• [Data segment]:
==========
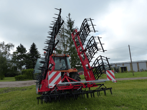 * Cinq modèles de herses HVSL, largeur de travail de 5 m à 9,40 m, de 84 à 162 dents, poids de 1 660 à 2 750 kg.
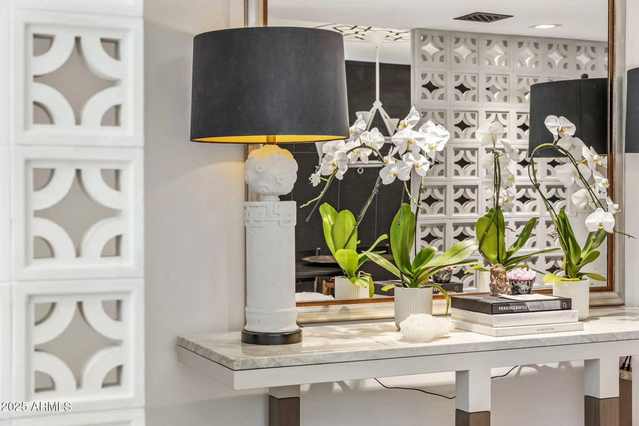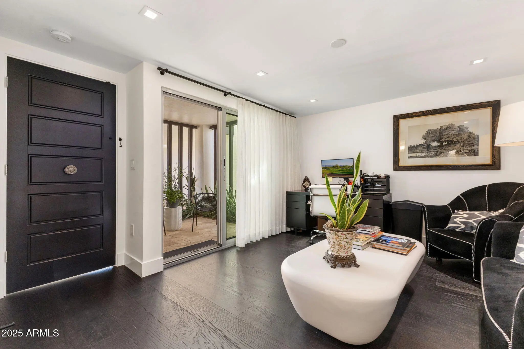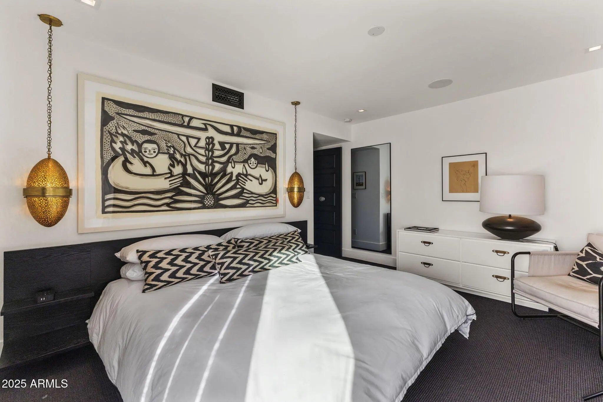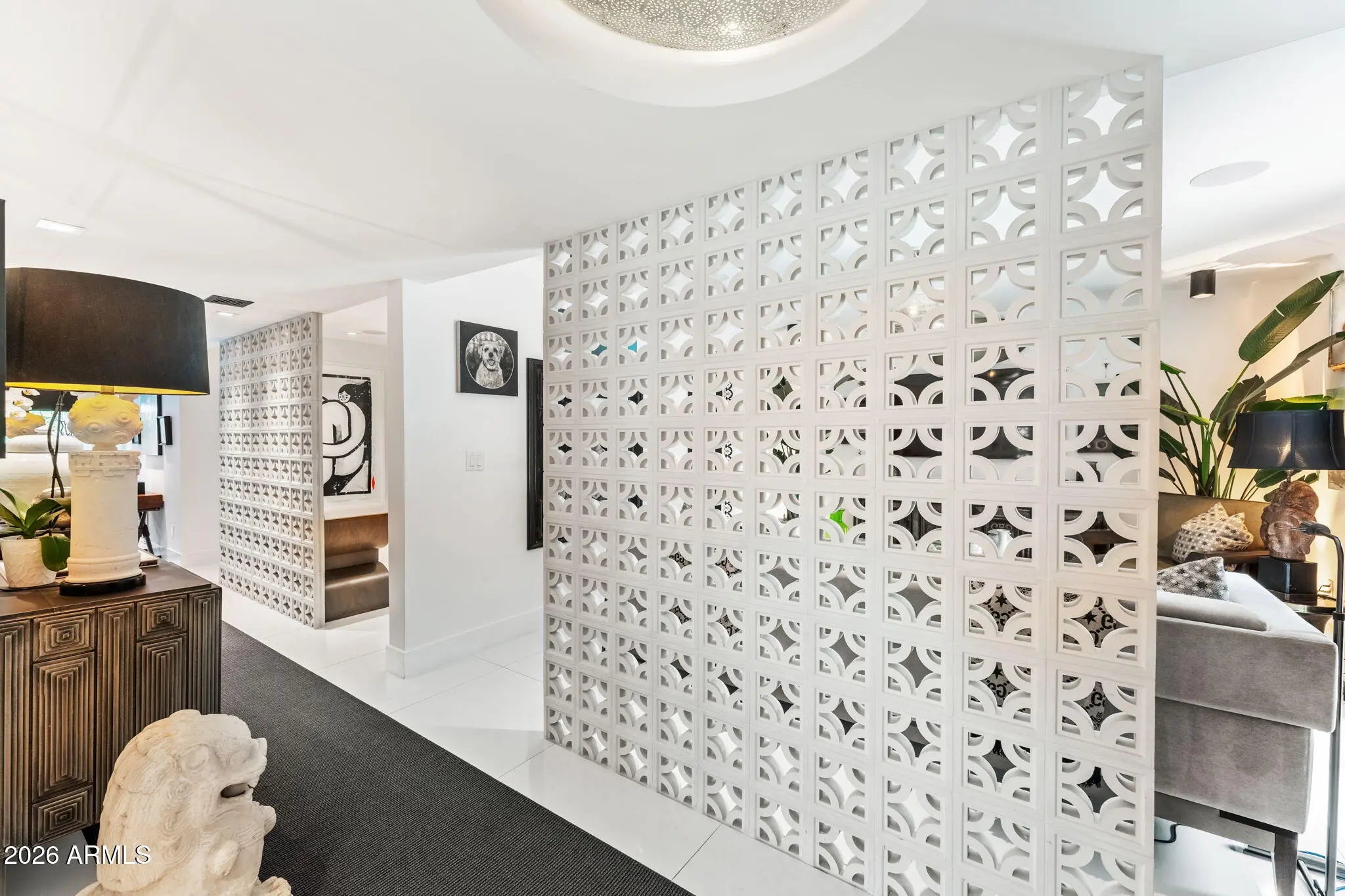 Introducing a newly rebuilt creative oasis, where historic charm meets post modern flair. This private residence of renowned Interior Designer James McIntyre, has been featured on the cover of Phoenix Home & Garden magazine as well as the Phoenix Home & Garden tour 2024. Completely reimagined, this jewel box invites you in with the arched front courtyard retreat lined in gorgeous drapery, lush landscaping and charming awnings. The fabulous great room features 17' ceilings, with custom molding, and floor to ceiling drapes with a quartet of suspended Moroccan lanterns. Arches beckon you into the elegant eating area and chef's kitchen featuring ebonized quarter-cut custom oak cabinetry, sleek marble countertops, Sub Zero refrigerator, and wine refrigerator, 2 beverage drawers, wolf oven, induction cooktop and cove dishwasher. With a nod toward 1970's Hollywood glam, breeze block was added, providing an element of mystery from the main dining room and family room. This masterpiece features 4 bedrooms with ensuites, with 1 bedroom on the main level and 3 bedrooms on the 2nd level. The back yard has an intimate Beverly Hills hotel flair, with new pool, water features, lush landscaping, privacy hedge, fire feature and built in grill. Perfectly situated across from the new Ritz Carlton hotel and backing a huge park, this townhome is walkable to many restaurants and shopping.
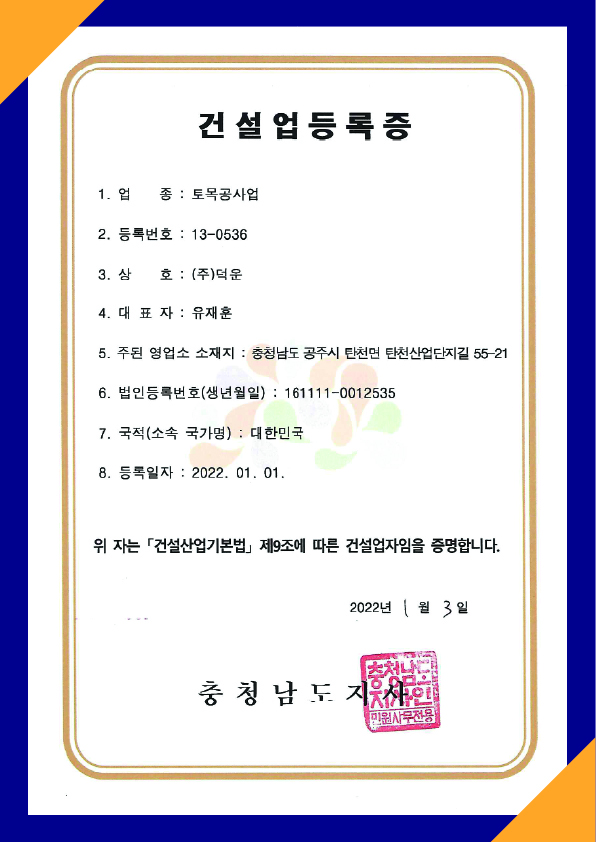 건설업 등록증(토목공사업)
==========
• [Your assignment]: Please retype, exactly as they appear, the lines from the one with "Introducing a newly" through the final line of the material, both included, and drop any pictures.

• [Response]:
 Introducing a newly rebuilt creative oasis, where historic charm meets post modern flair. This private residence of renowned Interior Designer James McIntyre, has been featured on the cover of Phoenix Home & Garden magazine as well as the Phoenix Home & Garden tour 2024. Completely reimagined, this jewel box invites you in with the arched front courtyard retreat lined in gorgeous drapery, lush landscaping and charming awnings. The fabulous great room features 17' ceilings, with custom molding, and floor to ceiling drapes with a quartet of suspended Moroccan lanterns. Arches beckon you into the elegant eating area and chef's kitchen featuring ebonized quarter-cut custom oak cabinetry, sleek marble countertops, Sub Zero refrigerator, and wine refrigerator, 2 beverage drawers, wolf oven, induction cooktop and cove dishwasher. With a nod toward 1970's Hollywood glam, breeze block was added, providing an element of mystery from the main dining room and family room. This masterpiece features 4 bedrooms with ensuites, with 1 bedroom on the main level and 3 bedrooms on the 2nd level. The back yard has an intimate Beverly Hills hotel flair, with new pool, water features, lush landscaping, privacy hedge, fire feature and built in grill. Perfectly situated across from the new Ritz Carlton hotel and backing a huge park, this townhome is walkable to many restaurants and shopping.
 건설업 등록증(토목공사업)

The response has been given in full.